Time-Interleaved Phased Arrays With Parallel Signal Processing in RF Modulations

Abstract

The proposed time-interleaved phased array is a functional integration of a space-time domain filter in antenna arrays and a time-frequency domain filter in mixer arrays. Spatially sampled signals by the antenna arrays will be interleaved in time by the mixer arrays to increase modulation speed while leveraging relatively low-frequency carriers. In M-element time-interleaved arrays, the carriers frequency can be reduced by the factor of M to realize an equivalent functionality as in conventional phased arrays based on fundamental carrier modulations. Depending on the array configuration, the time-interleaved phased array can be categorized as “correlated-noise time-interleaved (CNTI)” array or “uncorrelated-noise time-interleaved (UNTI)” array.
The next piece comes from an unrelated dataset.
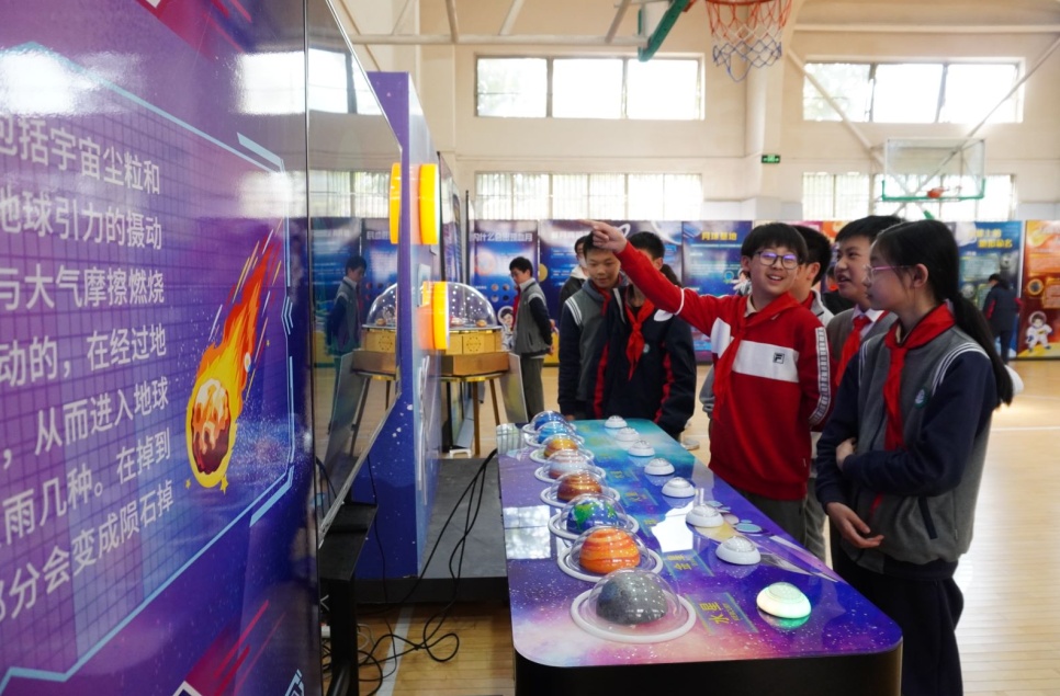 近日,五角场街道举办了一场“飞跃地球”航天系列科技展。现场,育鹰学校的同学们兴奋地讨论着关于宇宙和航天的知识,甚至还有天文社团的同学当起了讲师,为大家解锁更多的太空密码。

In the CNTI-array, both signal and correlated noise will be interleaved resulting in the same filter response for the signal and noise, whereas in the UNTI-array only signal will be interleaved in time domain: uncorrelated noise will not participate in the time-interleaving process. An extensive noise analysis for both array types is provided in the paper. To achieve maximum SNR, noise filtering techniques are proposed and verified through CAD behavioral simulations. In essence, the time-interleaved array architecture is a mix of parallel signal processing at RF and LO domains, which can have an advantage in compensating system performance deficits due to an active device speed limitation at high frequencies at the expense of an endurable system complexity.